2009-12-10 01:35:44.45 spid98      Error: 926, Severity: 21, State: 6.
2009-12-10 01:35:44.45 spid98      Database 'DatabaseName' cannot be opened. It has been marked SUSPECT by recovery. See the SQL Server errorlog for more information.
2009-12-10 02:05:27.17 spid97      A read of the file 'E:\SQLData\MSSQL.1\DatabaseName.mdf:MSSQL_DBCC16' at offset 0x00000110d7e000 succeeded after failing 1 time(s) with error: 38(Reached the end of the file.). Additional messages in the SQL Server error log and system event log may provide more detail. This error condition threatens database integrity and must be corrected. Complete a full database consistency check (DBCC CHECKDB). This error can be caused by many factors; for more information, see SQL Server Books Online.
2009-12-10 02:05:29.82 spid97      Error: 8966, Severity: 16, State: 2.
2009-12-10 02:05:29.82 spid97      Unable to read and latch page (1:5164) with latch type SH. 38(Reached the end of the file.) failed.
2009-12-10 02:05:29.82 spid97      Error: 8966, Severity: 16, State: 2.
2009-12-10 02:05:29.82 spid97      Unable to read and latch page (1:5189) with latch type SH. incorrect pageid (expected 1:5189; actual 0:0) failed.
2009-12-10 02:05:48.41 spid97      Error: 823, Severity: 24, State: 2.
2009-12-10 02:05:48.41 spid97      The operating system returned error 38(Reached the end of the file.) to SQL Server during a read at offset 0x000000276fe000 in file 'E:\SQLData\MSSQL.1\DatabaseName.mdf:MSSQL_DBCC16'. Additional messages in the SQL Server error log and system event log may provide more detail. This is a severe system-level error condition that threatens database integrity and must be corrected immediately. Complete a full database consistency check (DBCC CHECKDB). This error can be caused by many factors; for more information, see SQL Server Books Online.
2009-12-10 02:05:48.42 spid97      Error: 3313, Severity: 21, State: 2.
2009-12-10 02:05:48.42 spid97      During redoing of a logged operation in database 'DatabaseName', an error occurred at log record ID (311168:9684:2). Typically, the specific failure is previously logged as an error in the Windows Event Log service. Restore the database from a full backup, or repair the database.

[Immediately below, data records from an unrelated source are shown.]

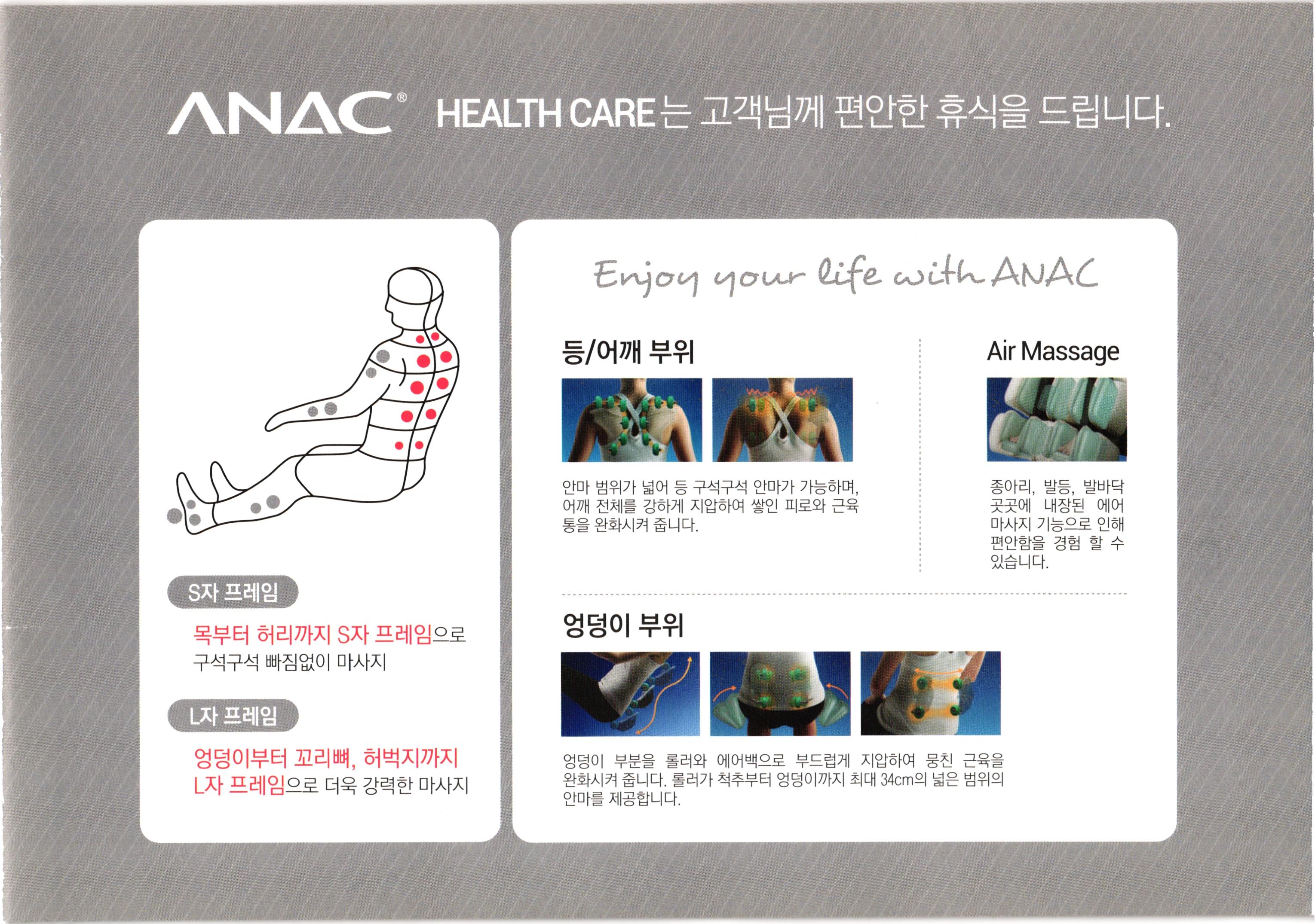 | 우리 가족의 피로, ANAC 안마의자가 해결해 드립니다. 당신을 위한 안마의자, 이런분들께 추천합니다. 온 몸 안 쑤신 곳이 없다는 부모님, 매일 야근에 지치는 남편, 입시와 취업 준비로 힘든 아들, 높은 힐에 다리가 혹사 당하는 딸, 반복되는 가사 노동에 시달리는 주부를 위해 ANAC 프리미엄 안마의자가 우리 가족의 피로를 날려 버립니다.
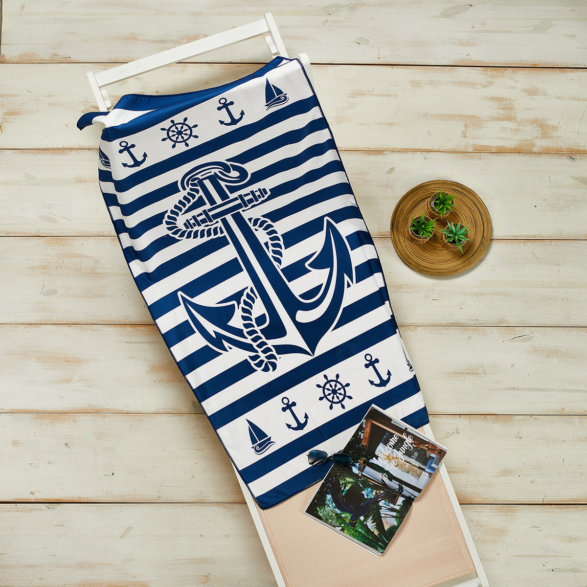 Πετσέτα θαλάσσης με μοντέρνο σχέδιο σε μπλε-λευκό χρώμα από την εταιρεία Whitegg. Είναι κατασκευασμένη από 100% polyester με υπέρ απορροφητική σύνθεση. Δεν κολλάει η άμμος πάνω της, είναι ελαφριά και στεγνώνει γρήγορα. Ιδανική λύση για στιλάτες εμφανίσεις στην παραλία, με ποιότητα και άνεση.
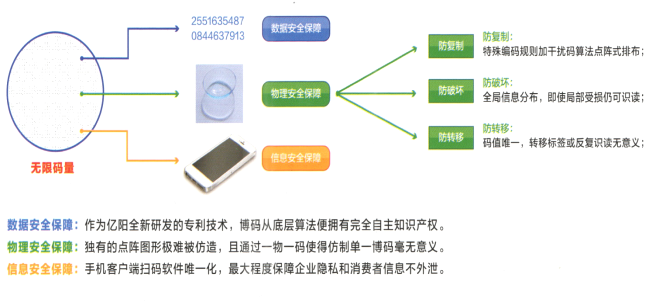制假造假“零”存在。基于博碼在數據層、物理層和信息層的高安全性,博碼本身不易被復制、破壞和轉移。博碼云平臺可全面保障博碼的附著印刷從系統數據庫直接推送和管控,無人為接觸可能,從源頭斬斷了造假分子的造假行為。
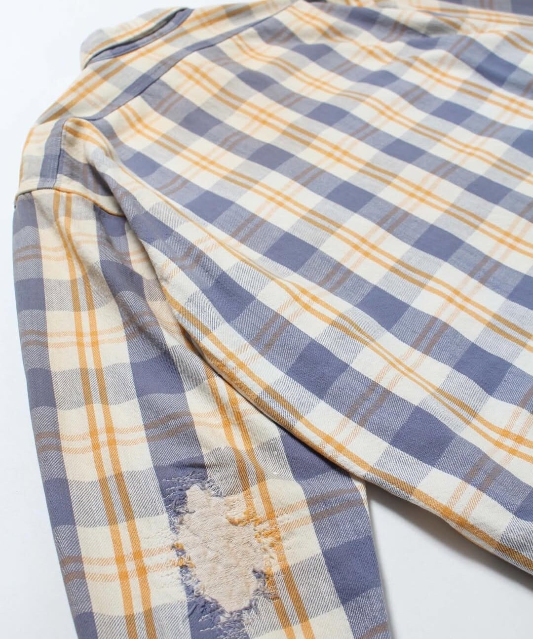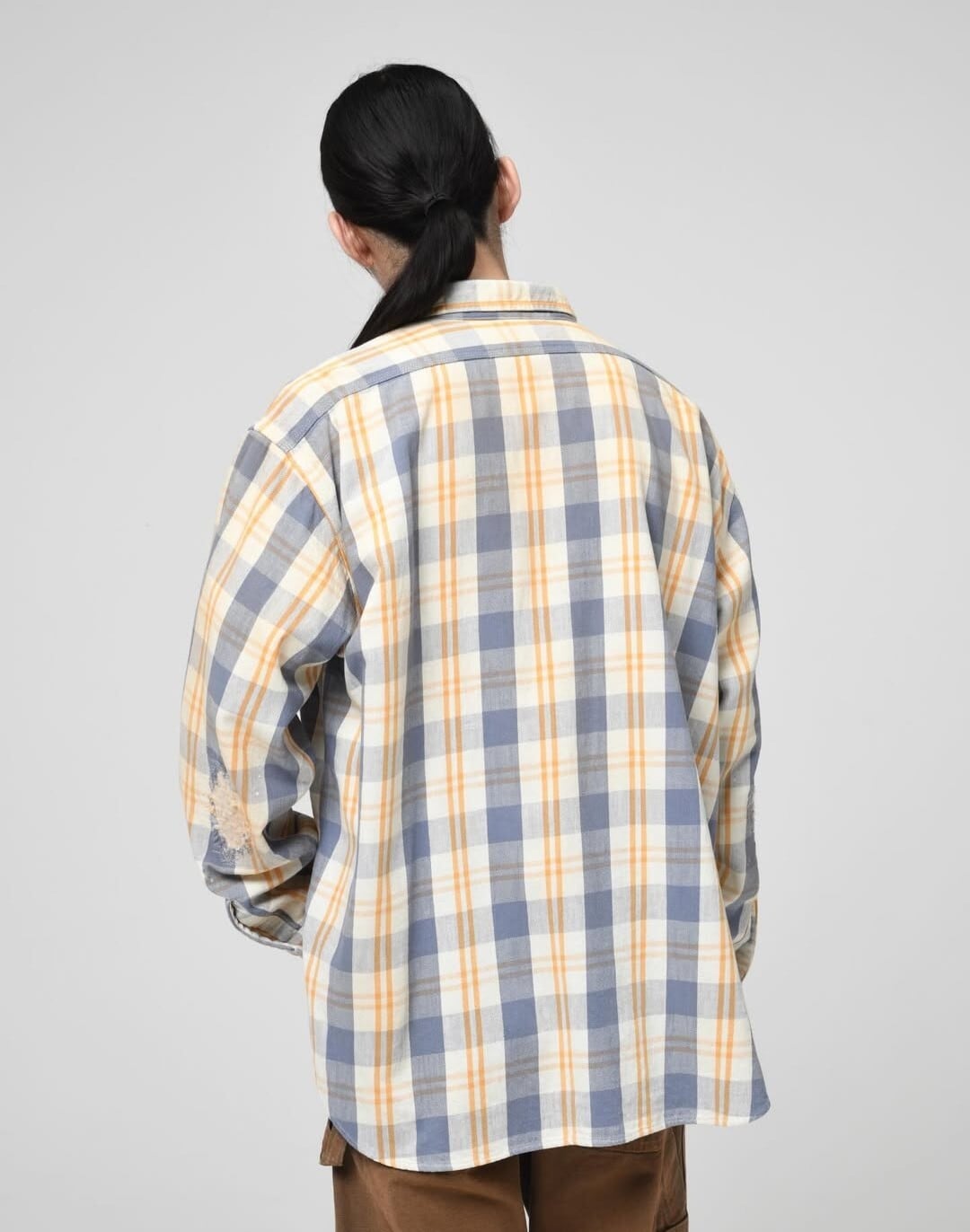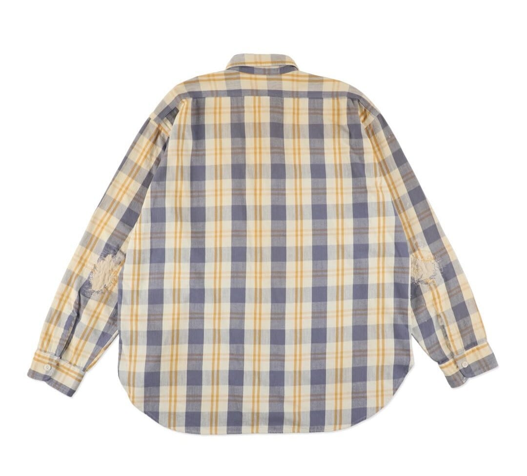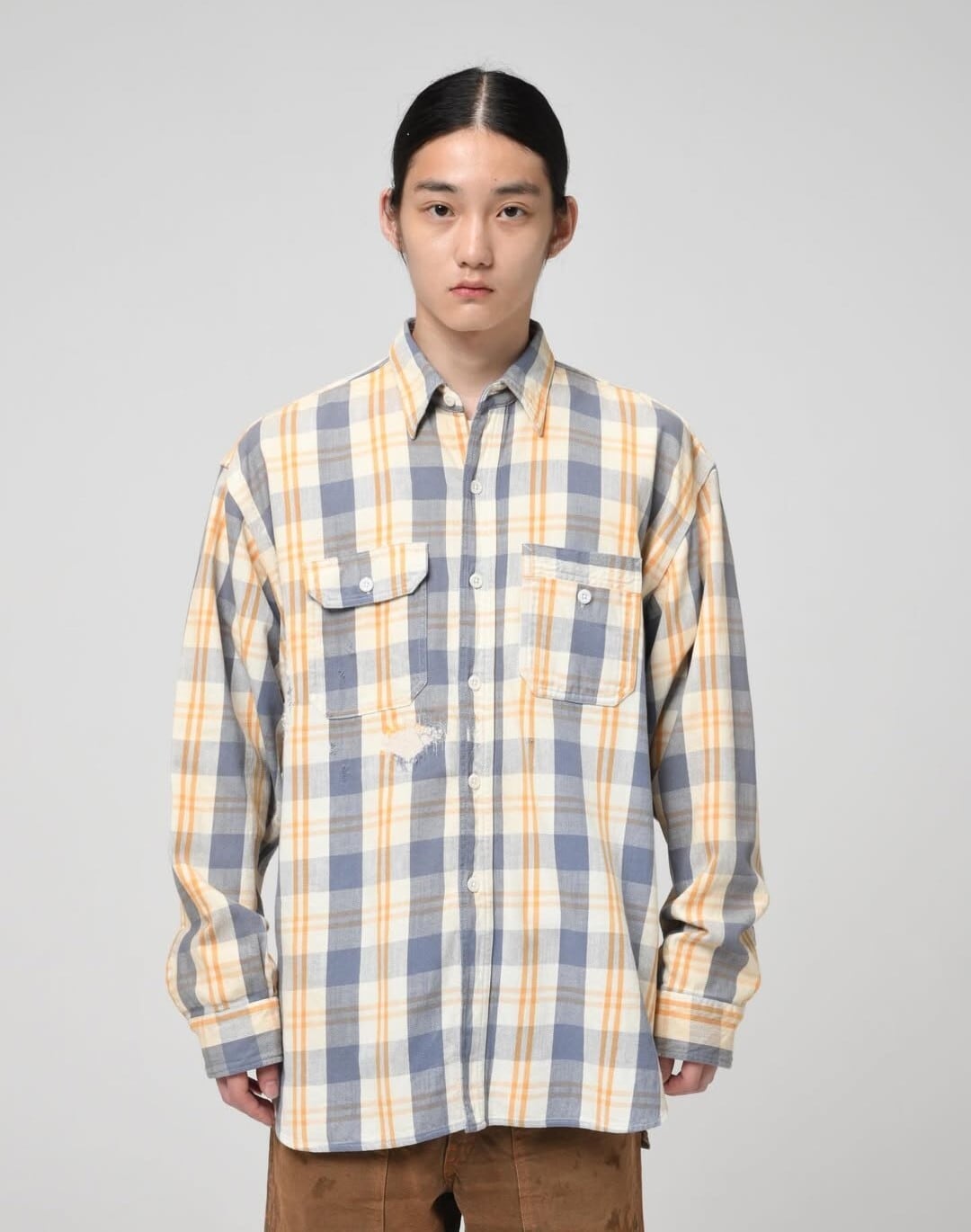 ヴィンテージを彷彿とさせるチェックネル生地を使用し、 古い時代のワークシャツの空気感をそのまま落とし込んだ一着。起毛感や色の出方まで含め、当時の表情を意識して仕上げている。最大の特徴は、40年代のワークシャツに見られるユニークな紙たばこ用ポケット。実用性から生まれたこのディティールか、時代背景とリアルな労働の匂いを強く感じさせるポイントになっている。
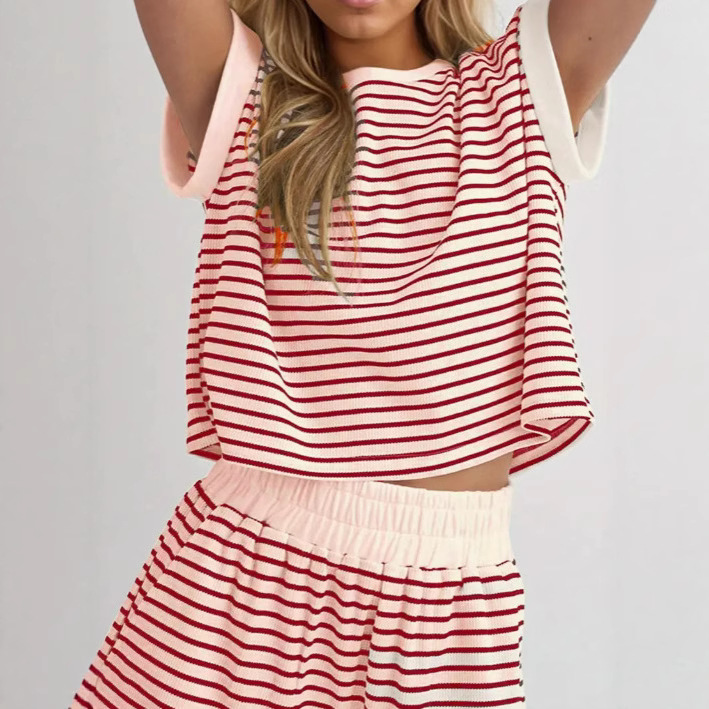 2025 ヨーロッパとアメリカのクロスボーダー夏甘いカジュアル半袖ショーツラウンドネックストライプコントラストカラースポーツスーツ女性のための
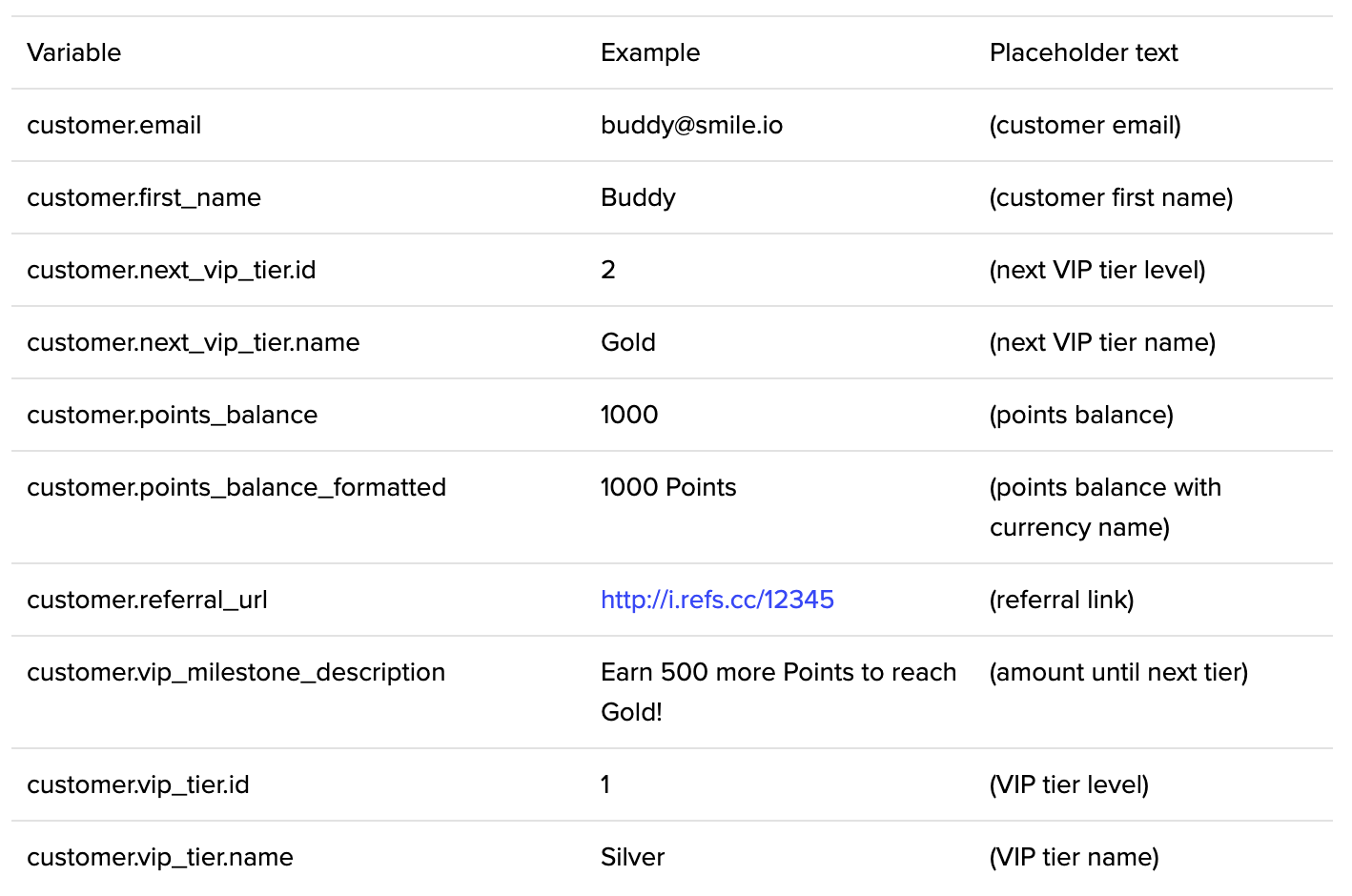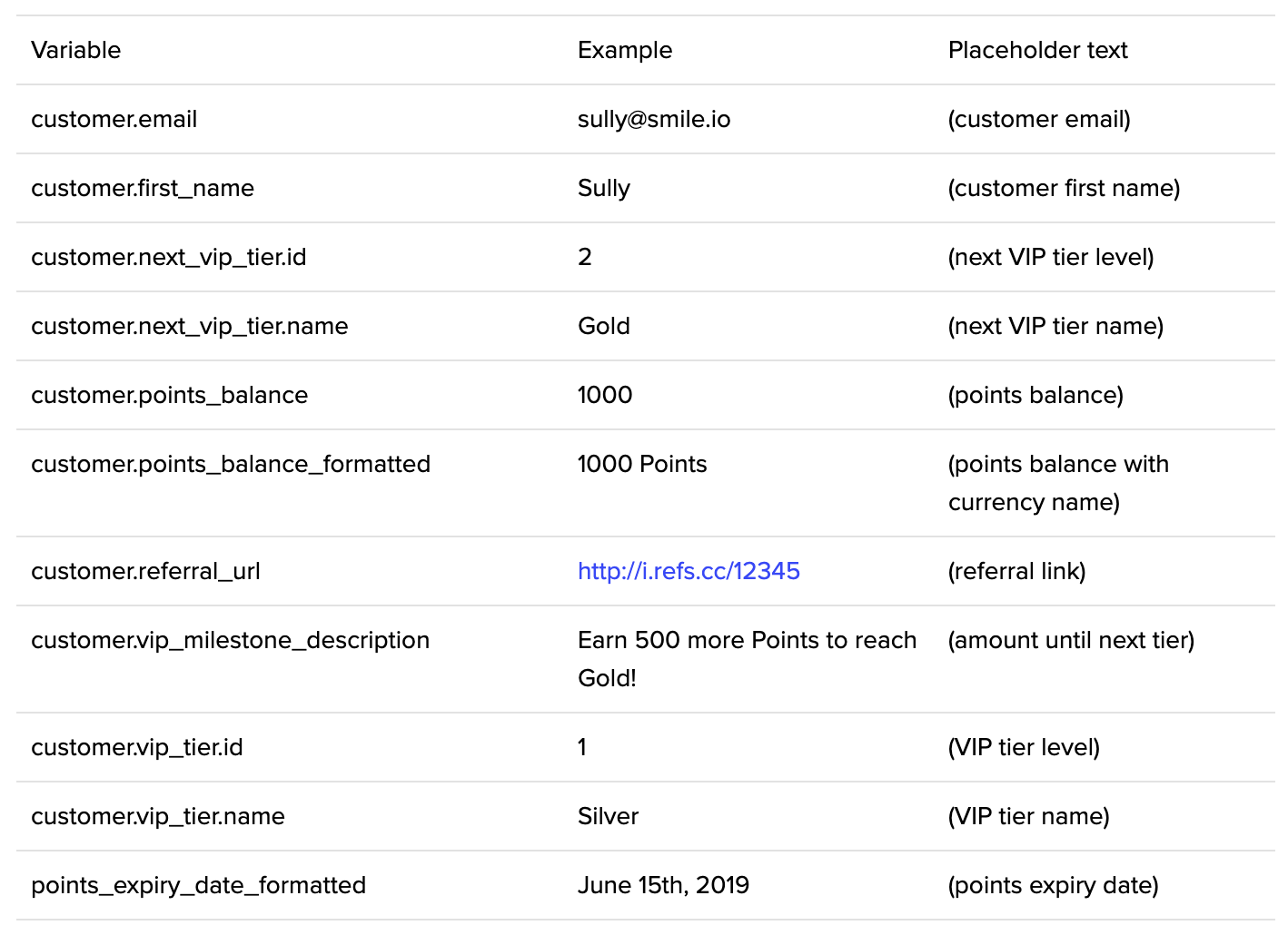 {{ }} around the variable for it to work correctly. If you see the placeholder text show up in the preview - you have added the variable correctly. For example - {{customer.email}}Points Earned

Nothing to bring things back into focus like a mass of potential corruption problems across every production server that I have.  What was most interesting is that ever one of the failures involved a server that uses SAN storage.  Time to wake up my support staff, starting with a member of our server team that is one of the best I have ever worked with.  A couple of phone calls, he was asleep, and he jumped online and started looking at things.   He couldn’t find any issues with the VM’s or the physical server having the issue, so the problem got escalated to waking up our SAN admin.  Meanwhile I through a few tweets out onto Twitter, with a couple directly at Paul Randal (blog/twitter) who is the master of all things CHECKDB.  I also got assistance, voluntarily I might add, from Mr Denny (blog/twitter), Wes Brown (blog/twitter), and Buck Woody(blog/twitter).  Many thanks gents, I really do appreciate it.

What transpired was four hours of what seemed to be completely fruitless troubleshooting involving calls to our SAN vendor and multiple diagnostics from every direction possible, trying to isolate where exactly the problem was originating.  There were no changes to the SQL Servers (at least that we thought of initially, keep reading) and the checks had previously succeeded without a problem.  Were it not for Paul Randal, instead of writing this blog post, I’d still be trying to troubleshoot this problem.  Almost four hours into troubleshooting this problem a simple tweet from Paul jarred my memory of a recent change that turned out to be the actual problem.

At the end of last week, Diskeeper 2009 was upgraded to Diskeeper 2010 on the servers by our server team.  Diskeeper 2009 had been there for at least a year without problems so who would have expected it to be the issue.  Turns out the new version has an option enabled called IntelliWrite that causes this problem to occur.  Disabling this option immediately resolve the problem.  Paul blogged about this problem a long time ago, and recalled reading this when I clicked on it but it was the last thing that I would have thought about.

Search Engine Q&A #14: Beware 3rd party file-system drivers with DBCC CHECKDB

Moral of the story, don’t use file system filtering software on your SQL Servers.  It can and will cause you to lose sleep, wake up your support staff, and go on a wild goose chase for hours before figuring out that there isn’t really a problem.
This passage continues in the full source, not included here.